News of the Weird by Chuck Shepherd

By News of the Weird by Chuck Shepherd

Published May 20, 2016

Disciplined for saving a life |   Recreating Alamo in India
Once again, public service personnel were disciplined for violating rules even though perhaps saving a life. In March, a captain and a sergeant in the Falmouth Volunteer Fire Department near Fredericksburg, Virginia, were suspended for rushing an infant girl (who was having a seizure) to the hospital in their fire engine despite rules requiring that they wait for an ambulance (which they ascertained was still 10 to 15 minutes away). The firefighters administered oxygen and delivered the girl safely to the ER 13 minutes after the 911 call, though she had suffered another seizure in the hospital's parking lot.

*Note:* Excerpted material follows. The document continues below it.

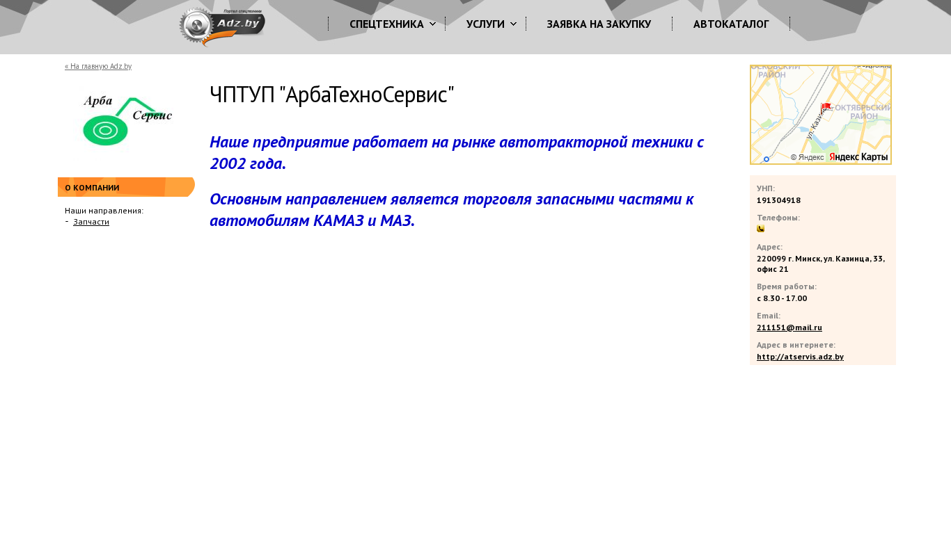 | Адрес | интернете:, http://atservis.adz.by, ЧПТУП "АрбаТехноСервис", Наше предприятие работает на рынке автотракторной техники с 2002 |

Said the grateful father, "My wife and I feel terrible for the fallout ... to these two gentlemen." [WTTG-TV (Washington, D.C.), 3-6-2016]



India (especially in Bihar state) has been plagued by legendary school-cheating scandals -- with parents last year even seemingly re-creating the scene of the siege of the Alamo by using tall ladders en masse to climb the walls of a testing center to pass cheat sheets to students. In February, on recruiting day for prestigious army jobs in Bihar, wary officials administered written tests in a field with all aspirants sitting cross-legged and clad only in underpants, balancing exam papers on their thighs. Officials thus avoided needing to frisk the large number of applicants. [Agence France-Presse via The Guardian (London), 3-1-2016]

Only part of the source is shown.